------ Data to use

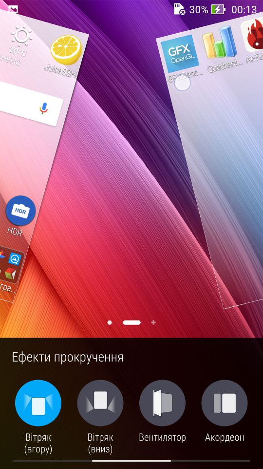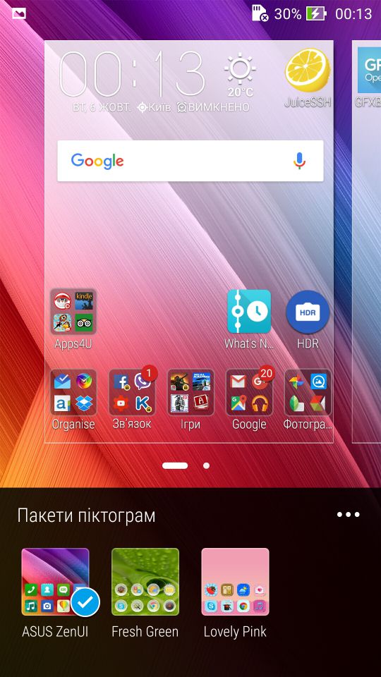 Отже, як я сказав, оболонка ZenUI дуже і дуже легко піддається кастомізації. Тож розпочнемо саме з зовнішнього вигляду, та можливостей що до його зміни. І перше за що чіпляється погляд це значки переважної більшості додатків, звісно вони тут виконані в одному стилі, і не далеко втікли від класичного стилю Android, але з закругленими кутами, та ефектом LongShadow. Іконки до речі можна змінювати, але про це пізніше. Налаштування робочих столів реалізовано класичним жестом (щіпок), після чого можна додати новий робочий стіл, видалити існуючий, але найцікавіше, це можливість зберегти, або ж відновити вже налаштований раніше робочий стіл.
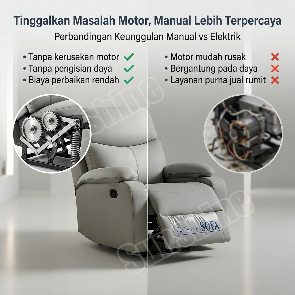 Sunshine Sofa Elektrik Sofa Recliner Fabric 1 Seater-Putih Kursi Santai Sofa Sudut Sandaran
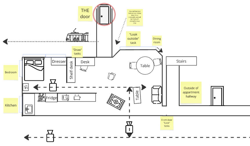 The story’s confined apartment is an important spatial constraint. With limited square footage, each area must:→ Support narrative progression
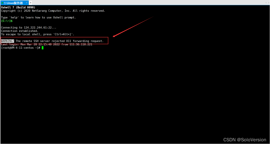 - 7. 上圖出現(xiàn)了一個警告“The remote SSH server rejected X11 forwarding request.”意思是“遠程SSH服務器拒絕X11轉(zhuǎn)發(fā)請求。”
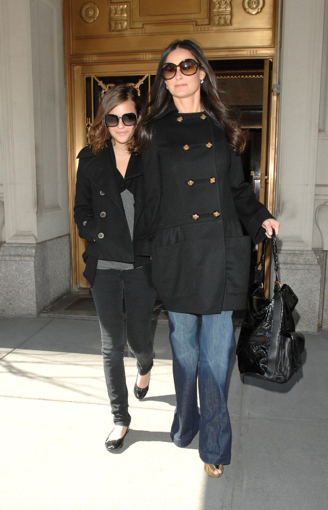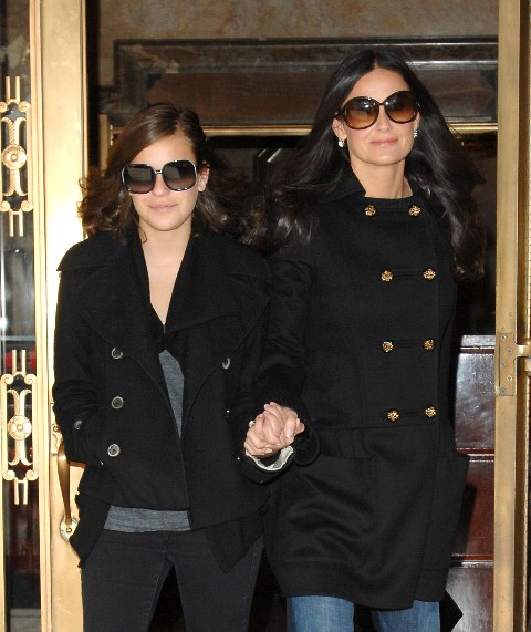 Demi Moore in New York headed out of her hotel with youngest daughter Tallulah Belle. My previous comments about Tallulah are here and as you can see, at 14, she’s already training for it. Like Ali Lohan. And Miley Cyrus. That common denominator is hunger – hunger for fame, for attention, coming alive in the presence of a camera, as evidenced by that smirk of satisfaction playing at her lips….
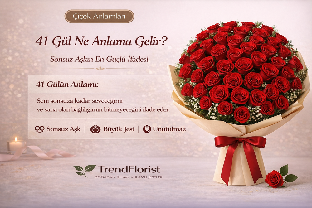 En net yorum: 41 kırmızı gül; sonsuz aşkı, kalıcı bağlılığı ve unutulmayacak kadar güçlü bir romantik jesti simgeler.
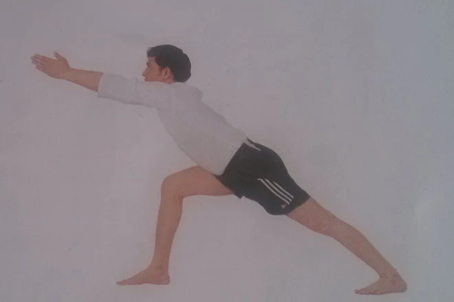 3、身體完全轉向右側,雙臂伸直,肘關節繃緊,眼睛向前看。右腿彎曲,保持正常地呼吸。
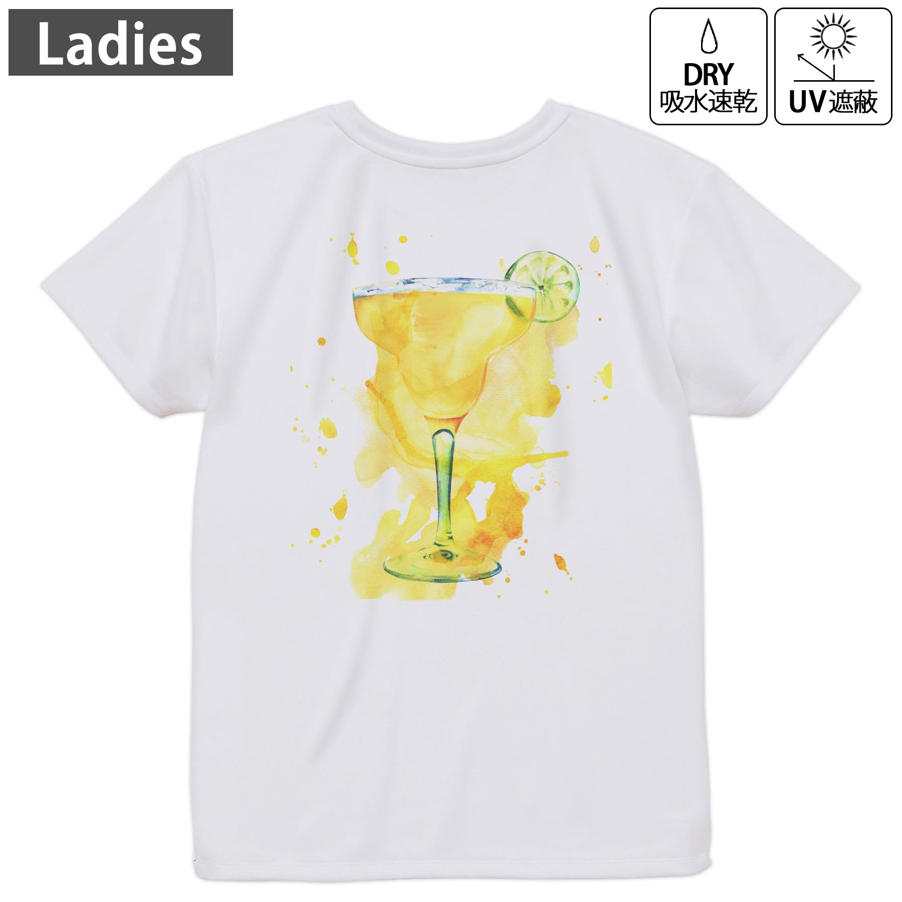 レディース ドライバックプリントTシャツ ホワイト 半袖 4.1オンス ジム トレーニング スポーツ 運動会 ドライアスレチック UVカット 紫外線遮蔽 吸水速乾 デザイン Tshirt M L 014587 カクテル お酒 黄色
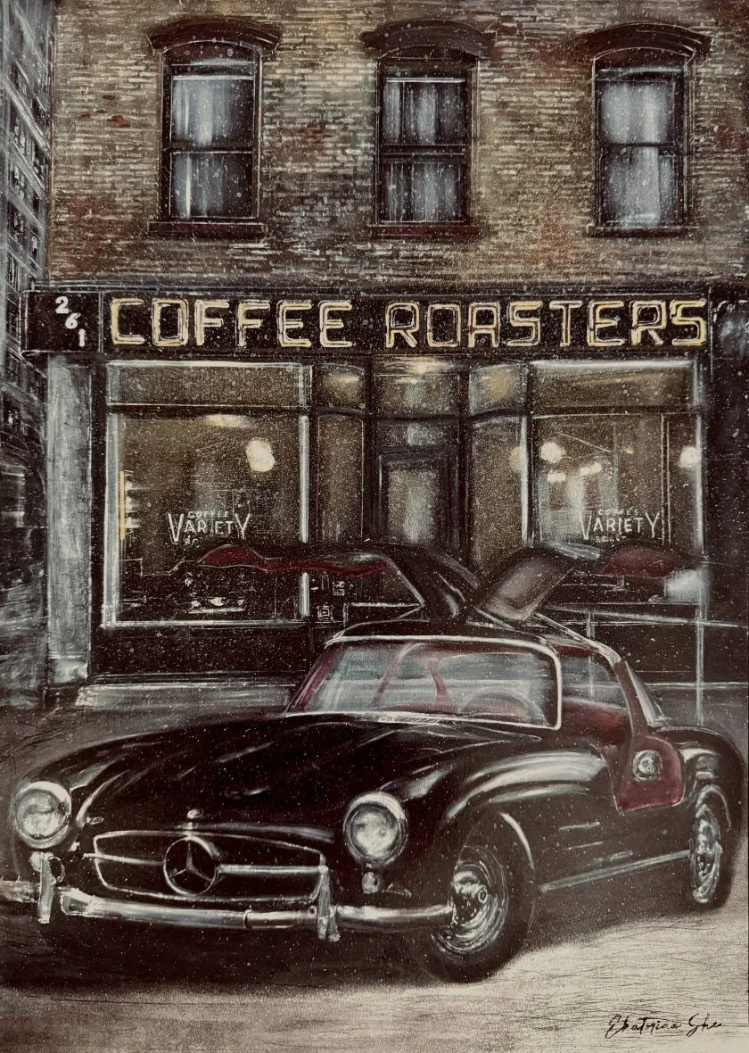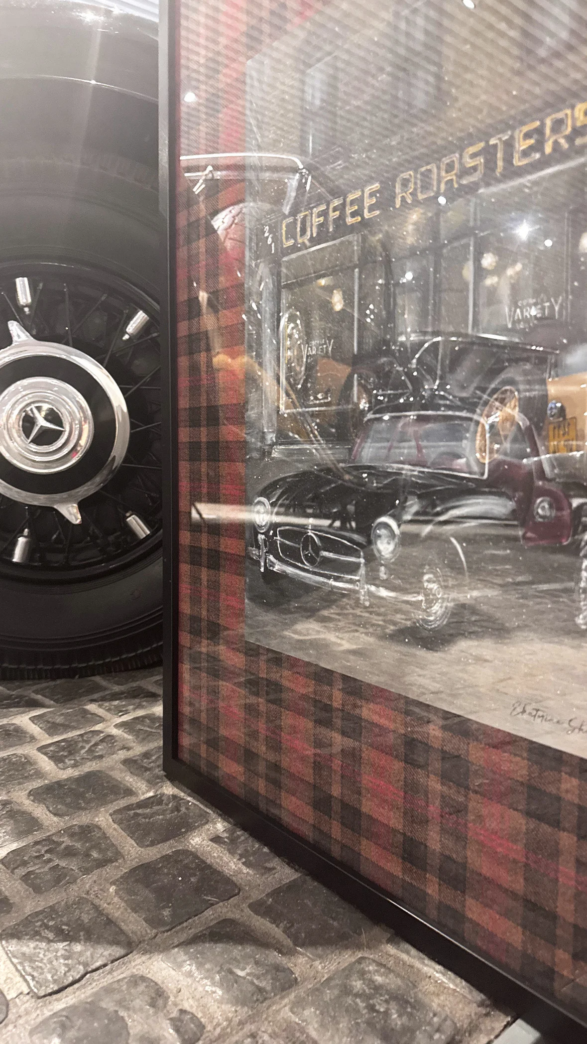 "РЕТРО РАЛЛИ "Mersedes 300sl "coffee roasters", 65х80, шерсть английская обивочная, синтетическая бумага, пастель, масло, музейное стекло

------------

__Your task__.
Please output the lines from the line that contains "Demi Moore in" through the end of the records, both ends included, exactly and with no pictures.

__Exercise result__.
 Demi Moore in New York headed out of her hotel with youngest daughter Tallulah Belle. My previous comments about Tallulah are here and as you can see, at 14, she’s already training for it. Like Ali Lohan. And Miley Cyrus. That common denominator is hunger – hunger for fame, for attention, coming alive in the presence of a camera, as evidenced by that smirk of satisfaction playing at her lips….
 En net yorum: 41 kırmızı gül; sonsuz aşkı, kalıcı bağlılığı ve unutulmayacak kadar güçlü bir romantik jesti simgeler.
 3、身體完全轉向右側,雙臂伸直,肘關節繃緊,眼睛向前看。右腿彎曲,保持正常地呼吸。
 レディース ドライバックプリントTシャツ ホワイト 半袖 4.1オンス ジム トレーニング スポーツ 運動会 ドライアスレチック UVカット 紫外線遮蔽 吸水速乾 デザイン Tshirt M L 014587 カクテル お酒 黄色
 "РЕТРО РАЛЛИ "Mersedes 300sl "coffee roasters", 65х80, шерсть английская обивочная, синтетическая бумага, пастель, масло, музейное стекло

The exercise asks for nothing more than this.